[EXERCISE DIRECTIONS] A faithful transcript of all the lines below, with no pictures, is the goal here.
Start of MATERIAL PROVIDED
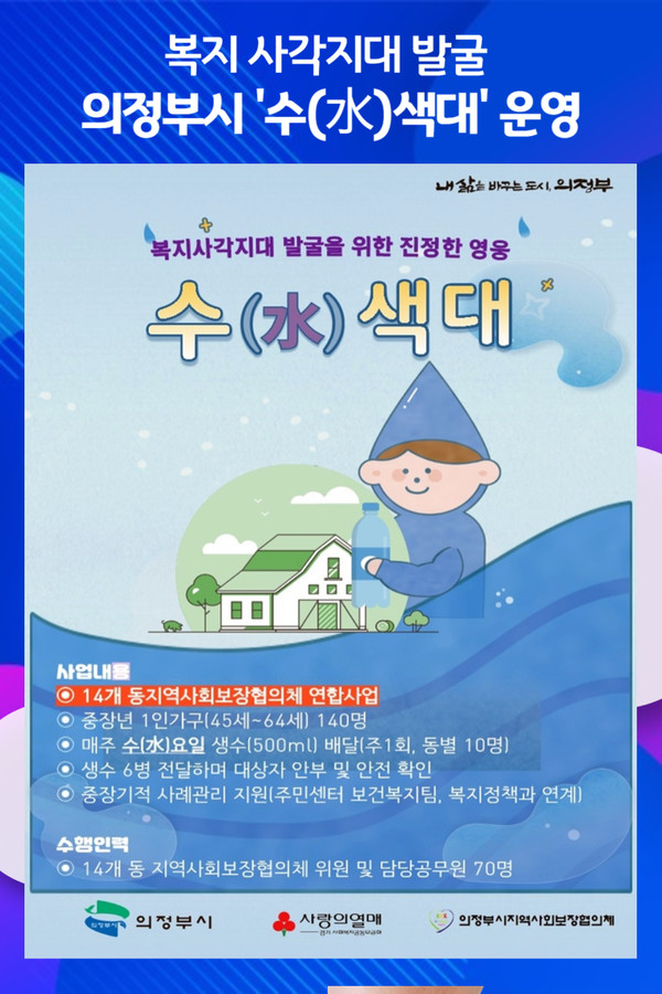 워크숍에서 강조된 중장년 및 청년 위험군 발굴의 필요성은 생애주기별 맞춤형 지원 전략으로 이어지는데 도움이 되었을 것으로 생각합니다. 특히 의정부시 지역사회보장협의체가 주도하는 '수(水)색대'(생수 전달 안부 확인) 사업은 중장년 위기가구에 대한 저(低)관여, 고(高)빈도의 선제적 개입 모델이며, 좋은 모델과 성과로 생각됩니다. 이는 인적 안전망(Human Safety Net)을 활용하여 고독사 위험군 발굴에 대한 시민적 관심과 협조를 유도하는 데 큰 역할을 하고 있다고 보입니다.
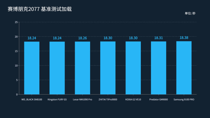 7款SSD的表现几乎没有差别,最快的是WD_BLACK SN8100和金士顿FURY G5,均耗时18.24秒,并列第一;其次是雷克沙NM 1090 PRO,耗时18.30秒;最慢的是三星9100 PRO,耗时18.38秒。
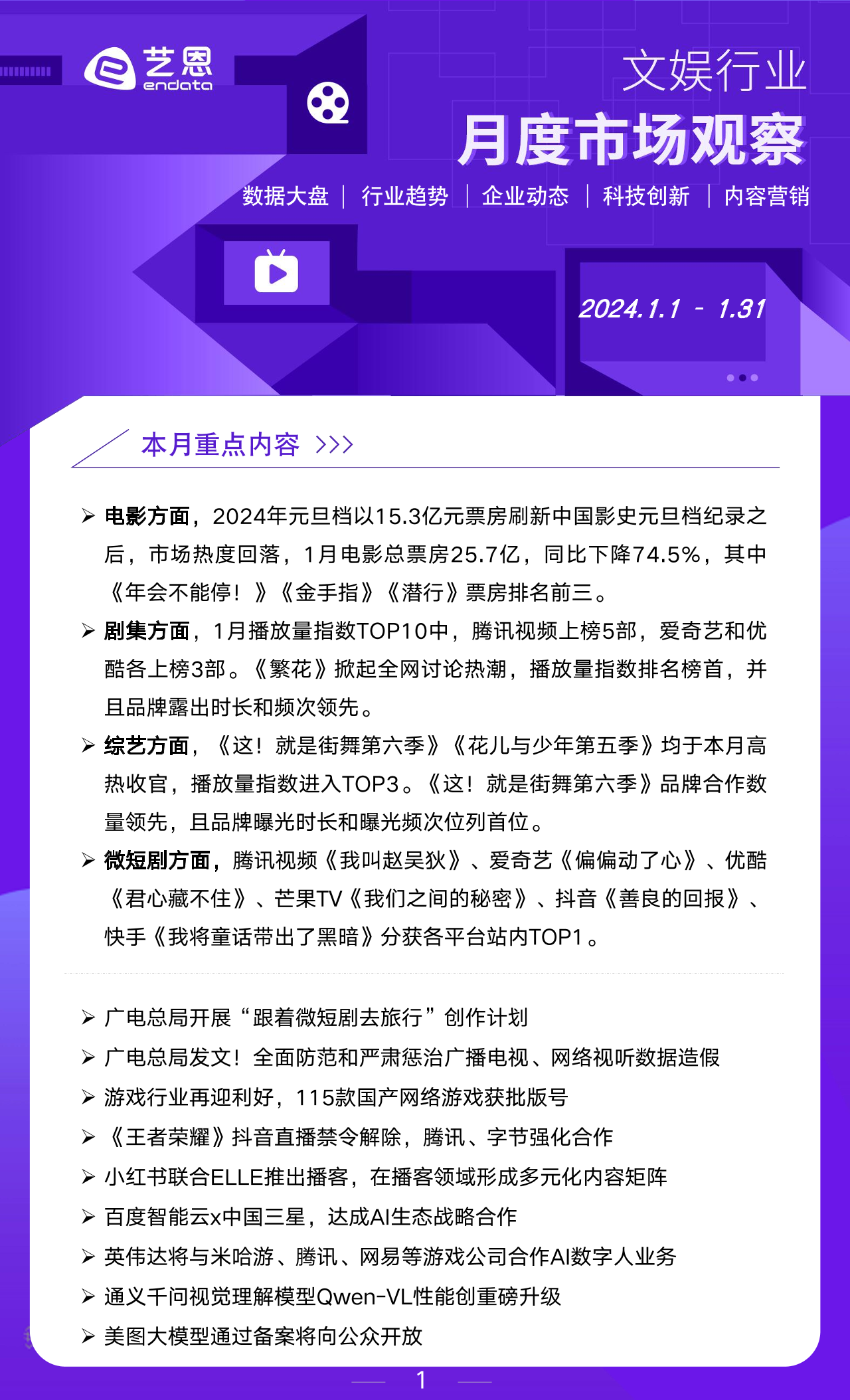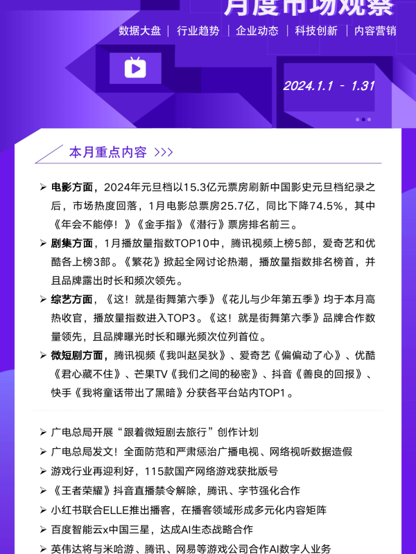 【艺恩】【202402】2024年1月文娱市场行业报告-16页
End of MATERIAL PROVIDED
[TASK SOLUTION]
 워크숍에서 강조된 중장년 및 청년 위험군 발굴의 필요성은 생애주기별 맞춤형 지원 전략으로 이어지는데 도움이 되었을 것으로 생각합니다. 특히 의정부시 지역사회보장협의체가 주도하는 '수(水)색대'(생수 전달 안부 확인) 사업은 중장년 위기가구에 대한 저(低)관여, 고(高)빈도의 선제적 개입 모델이며, 좋은 모델과 성과로 생각됩니다. 이는 인적 안전망(Human Safety Net)을 활용하여 고독사 위험군 발굴에 대한 시민적 관심과 협조를 유도하는 데 큰 역할을 하고 있다고 보입니다.
 7款SSD的表现几乎没有差别,最快的是WD_BLACK SN8100和金士顿FURY G5,均耗时18.24秒,并列第一;其次是雷克沙NM 1090 PRO,耗时18.30秒;最慢的是三星9100 PRO,耗时18.38秒。
 【艺恩】【202402】2024年1月文娱市场行业报告-16页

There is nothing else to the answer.